Responding to growing complaints that the privatized pension system here -- a favorite of free-enterprise enthusiasts around the world -- is failing to deliver adequate benefits, the Chilean government has recommended that it be supplanted by a system in which the state would play a much larger role.

The changes, part of a package scheduled to go to Congress early next year, include a guaranteed minimum pension for the country's poorest citizens, even those who have never contributed to the private system.

The proposal also contains measures aimed at stimulating competition and reducing costs to contributors as well as the high profits for pension fund administrators that analysts blame for some of the problems.

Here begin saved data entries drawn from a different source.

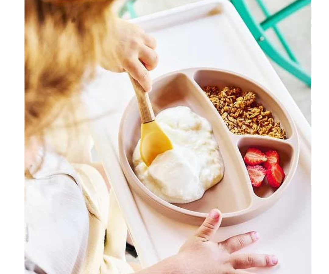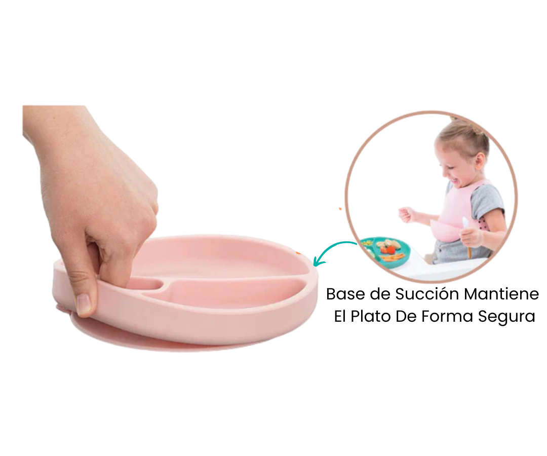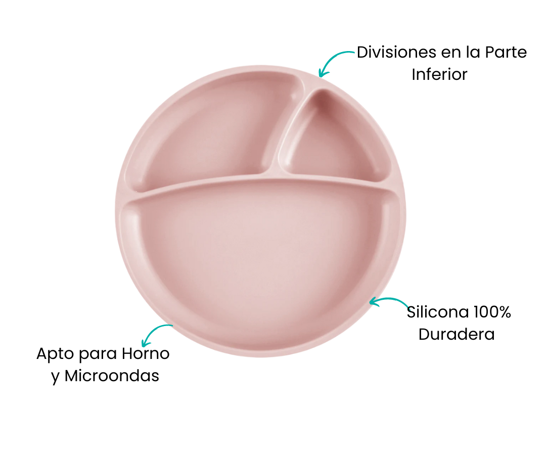 Los Platos con división de MinikOiOi no solo destacan por su bonito diseño, sino que también ofrecen una practicidad excepcional. Gracias a las divisiones en la parte inferior del plato, garantizamos que tu hijo no pueda levantar ni tirar el plato de la mesa.
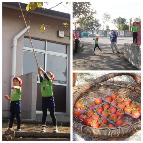 おはよう広場では、子どもたちが柿とりに夢中になっていました。
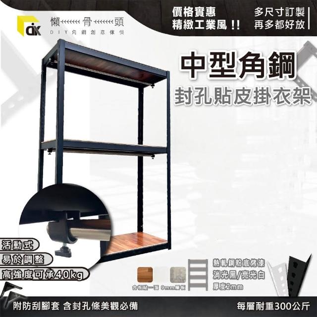 三層免螺絲角鋼衣架 衣服收納架 吊衣架 木板貼皮吊衣架 6.5*2*6高尺(角鋼層架/置物架/角鋼/客製化/衣架)
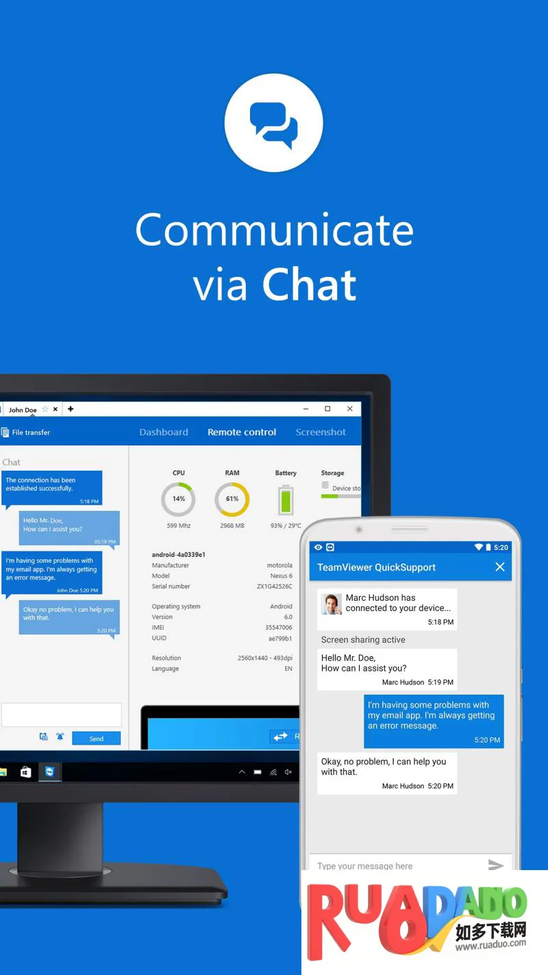 QuickSupport远程控制挺安全的。它采用256位AES会话编码,还有2048位RSA密钥交换,符合最高安全标准。有了它,能解决不少问题呢。比如手机连Windows或Mac系统麻烦,它就能帮你轻松连接。技术人员可远程帮你解决设备问题,能对话、收发文件、查看设备信息、停止进程、推送WLAN设置等。还能查看系统诊断信息、设备实时截屏,把机密信息存剪贴板。不管是在家办公想连办公室电脑,还是手机有问题找技术支持,都很方便。你可以在手机上轻松操作,技术人员在电脑端操作也不难,按步骤来就行。有了它,设备维护、文件传输等都变得简单高效,赶紧来本站下载体验吧。

“This is a radical reform because it moves us from a system based solely on individual savings to one that includes a pillar of solidarity based on one's rights as a citizen, and not contributions,” Labor Minister Osvaldo Andrade said when the plan was announced this month. “We are integrating systems that are fundamentally different.”

The article further noted that under the current pension system, roughly half of all working Chileans will receive only a minimum payment in retirement, or none at all:

As things now stand, about half of all Chileans in the work force will not qualify for a pension or will only receive a minimum payment, for a variety of reasons, a common one being that they have not paid into the system for the minimum 20 years.

“There are a whole set of problems, strongly linked to a system that had certain presuppositions that have not come true,” President Michelle Bachelet of Chile said in an interview in June. “People retire and find that they are entitled to a pension that is between 30 and 50 percent of their wages, and not the 70 percent they were promised” when the Pinochet dictatorship eliminated the previous system, she said.